Supplied information:
※
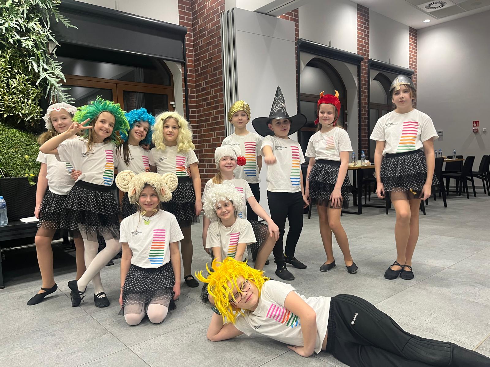Podczas warsztatów nie brakowało kreatywnych zabaw rytmicznych, ćwiczeń teatralnych, działań głosowych oraz ruchowych. Uczniowie mieli okazję pracować nad koordynacją, wyobraźnią, ekspresją sceniczną i świadomością ciała. Było dużo śmiechu, spontaniczności i twórczej energii. Wspólne działania integrowały uczestników i pozwoliły im odkryć nowe możliwości artystycznego wyrazu.
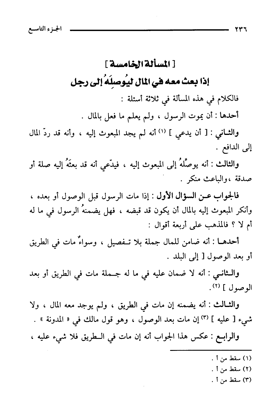 فالجواب عن السؤال الأول: إذا مات الرسول قبل الوصول أو بعده، وأنكر المبعوث إليه بالمال أن يكون قد قبضه، فهل يضمنهُ الرسول في ماله أم لا؟ فالمذهب على أربعة أقوال:
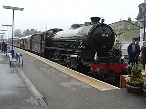 Restoration took some time; the boiler and firebox were in such poor condition that a new boiler and firebox seemed the only option, but steady work during the 1980s and 1990s restored the original boiler and the completed engine moved under its own power in 1997, finished in LNER Apple green as No. 1264. It is currently in BR Black livery as 61264. It was withdrawn from service (mid-2008) for a 10-year overhaul at LNWR Crewe and, once finished moved to the North Yorkshire Moors Railway. 61264 returned to the mainline in 2014 with a test run in early January followed by double-heading the Winter Cumbrian Mountain Express from Manchester Victoria to Carlisle with LMS Stanier Class 5 4-6-0 45407 organised by the Railway Touring Company.
※
Quote, please, every line of the material above from its start through the line that has "فالجواب عن السؤال", reproducing the words exactly and dropping any images.

Result of this exercise:
Podczas warsztatów nie brakowało kreatywnych zabaw rytmicznych, ćwiczeń teatralnych, działań głosowych oraz ruchowych. Uczniowie mieli okazję pracować nad koordynacją, wyobraźnią, ekspresją sceniczną i świadomością ciała. Było dużo śmiechu, spontaniczności i twórczej energii. Wspólne działania integrowały uczestników i pozwoliły im odkryć nowe możliwości artystycznego wyrazu.
 فالجواب عن السؤال الأول: إذا مات الرسول قبل الوصول أو بعده، وأنكر المبعوث إليه بالمال أن يكون قد قبضه، فهل يضمنهُ الرسول في ماله أم لا؟ فالمذهب على أربعة أقوال:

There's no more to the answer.